Villaggi di pescatori in Puglia: itinerario autentico e sapori
L’itinerario più autentico per scoprire i villaggi di pescatori in Puglia parte da Polignano a Mare, passa per Monopoli, Ostuni e termina a Otranto, includendo tappe gastronomiche che mettono in scena il pescato del giorno e le ricette tramandate di generazione in generazione.
Partendo da Firenze la scelta più pratica è il treno a grande velocità fino a Bari; il viaggio dura circa cinque ore e permette di arrivare con i bagagli leggeri, senza lo stress del volo. Da Bari, il treno regionale scende a Monopoli, dove è possibile prendere un autobus locale verso Polignano a Mare. Per chi preferisce la libertà assoluta, il noleggio di uno scooter o di un’auto è fattibile: le strade costiere sono strette ma ben segnalate, e un’auto consente di gestire al meglio gli spostamenti tra le piccole baie e le riserve marine. Una volta nella zona, il trasporto pubblico è limitato: gli autobus collegano i principali paesi, ma la frequenza è bassa fuori dall’alta stagione, quindi il veicolo privato rimane la soluzione più efficiente.

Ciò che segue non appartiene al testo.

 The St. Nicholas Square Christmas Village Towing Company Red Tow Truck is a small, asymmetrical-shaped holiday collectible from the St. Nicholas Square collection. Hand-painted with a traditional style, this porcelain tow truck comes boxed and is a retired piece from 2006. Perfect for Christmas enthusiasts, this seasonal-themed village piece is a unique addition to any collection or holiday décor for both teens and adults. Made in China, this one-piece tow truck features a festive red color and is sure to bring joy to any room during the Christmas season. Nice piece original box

Il tempo ideale per percorrere l’intero ciclo è di cinque o sei giorni, così da dedicare almeno un giorno intero a ciascuna località. A Polignano la mattina è dedicata alla passeggiata sul ponte dei 21 archi e a un caffè al bar del porto, mentre il pomeriggio si può gustare una frittura di calamari appena pescati in una trattoria a conduzione familiare. A Monopoli è imperdibile il mercato del pesce al mattino presto: arrivare prima delle otto per assistere all’asta dei pescatori, poi scegliere il pesce più fresco e portarlo direttamente al banco del bistro “L’Ancora”. A Ostuni, nonostante la fama di “città bianca”, il vero cuore marittimo è il borgo di Torre Vado, dove si trovano le osterie più rustiche e le scogliere dove i pescatori scaricano il pescato del giorno. Infine Otranto offre non solo il castello aragonese ma anche il piccolo molo di pescatori dove è possibile assaggiare il “baccalà alla salentina” in un locale quasi invisibile ai turisti di massa.

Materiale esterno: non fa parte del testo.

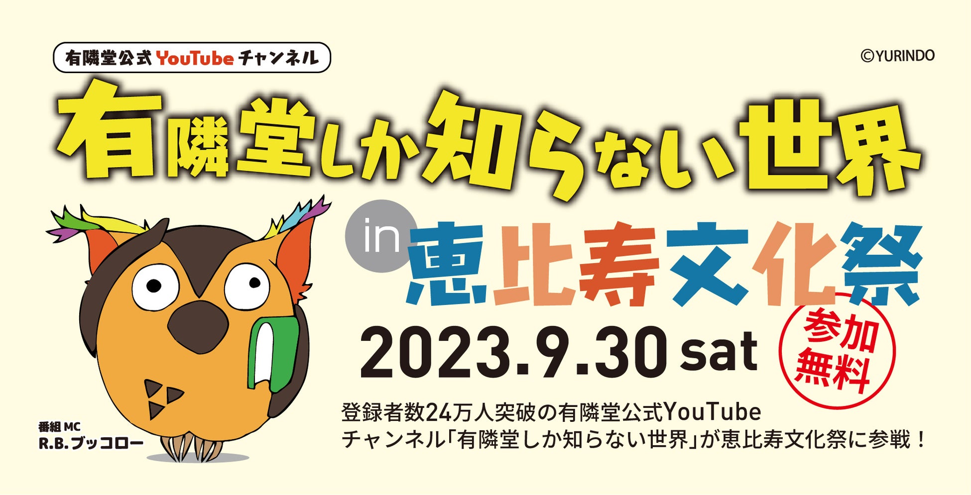 登録者数25万人突破の有隣堂公式YouTubeチャンネル「有隣堂しか知らない世界」が恵比寿文化祭に参戦!本好き、文房具好きはもちろん、お子様が楽しめる企画もご用意しました。企画の数々をどうぞお楽しみください。

Il budget si colloca nella fascia medio: le sistemazioni in B&B o agriturismi di famiglia costano intorno ai cinquanta euro a notte, i pasti in trattorie locali variano tra quindici e venti euro per persona, e il noleggio di uno scooter o di un’auto si aggira su venti euro al giorno. Con un po’ di flessibilità è possibile ridurre i costi scegliendo alloggi più rustici o condividendo la macchina con altri viaggiatori incontrati lungo il percorso.
Una delusione ricorrente è la scarsa disponibilità di parcheggi vicino al centro storico di Polignano durante il weekend: molti spazi privati sono riservati ai residenti e le multe sono applicate senza preavviso. Inoltre, le connessioni internet in alcuni villaggi sono più lente di quanto ci si aspetti, il che può rendere difficile aggiornare le foto o consultare mappe online.
Un consiglio che non appare nelle guide mainstream è quello di far scendere dall’autobus proprio davanti al “cancello verde” di Monopoli, dove un agricoltore locale vende al mercato del sabato dei pomodori di cerasola coltivati in serra a poca distanza dal mare. Acquistandoli, si può preparare una salsa fresca da accompagnare al pesce appena acquistato, creando un abbinamento unico che unisce terra e mare in un piatto che i turisti raramente provano. Un’altra astuzia è chiedere al pescatore del molo di Torre Vado di indicare le “ore delle maree” per quando l’acqua è più limpida: in quei momenti le conchiglie sul fondale sono più lucenti e le escursioni di snorkeling diventano davvero spettacolari, senza dover pagare tour organizzati.
In sintesi, l’autentico viaggio nei villaggi di pescatori pugliesi richiede un po’ di pianificazione, una buona dose di curiosità per le piccole strade e la volontà di allontanarsi dalle rotte turistiche più battute. Quando si riesce a coniugare la semplicità dei sapori locali con il contatto diretto con chi vive di mare, l’esperienza rimane impressa per la sua genuinità e per il senso di scoperta che raramente si trova nei percorsi più commerciali.